How can teachers best communicate new approaches used in learning and teaching that pupils are being exposed to so that we can gain understanding, reinforcement, repetition and support from parents?
Background
At Peebles High School we are currently running a course on metacognitive skills, (thinking about thinking). This is being done through the approaches of Instrumental Enrichment, Philosophy for Children and Enterprise. We are training staff, exposing pupils in dedicated lessons for S1 and supporting the spread of these ideas into all lessons and all year groups.
Techniques to improve thinking and learning work best with reinforcement and repetition but as the current approaches are different from those of the past how can we engage the support of parents who have not experienced these approaches themselves?

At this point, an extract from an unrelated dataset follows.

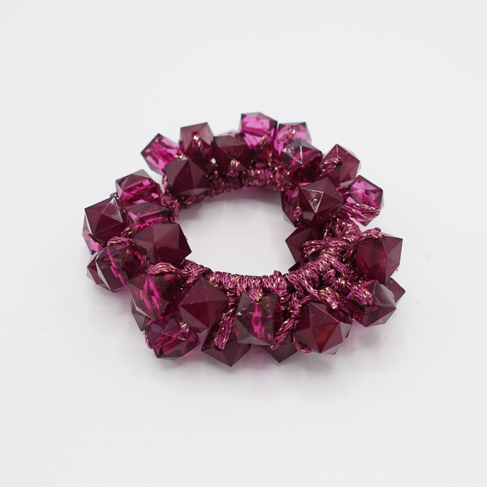 veryshine.com Ponytail holders Red wine acrylic polyhedron beaded hair elastic ponytail holder women hair accessories

Please spare a few moments to answer this question by clicking on the link below so that we can get your ideas on how we can best communicate with yourselves and gain support from the parental body.
Thinking, like climbing, can be done well or poorly. There are the experts whose thinking takes them to academic, artistic and technological heights; the proficient, whose thinking helps them negotiate life’s up and downs; and the novices, who are fortunate if they escape injury on the stairs. Happily, novice thinkers can become more expert because thinking skills like climbing, can be learned, practised and improved.
Teaching pupils to think about being more precise, not to give up, think about issues from varying views, work independently and in teams, stick to timescales, solve problems creatively, etc.
For example understanding how one phenomenon is similar or different from another helps you to describe it clearly and associate it with other related information. So to develop pupils ability to process information you can ask students to pick the odd one out from three words or pictures on the board. (Remember there is always more than one possible answer).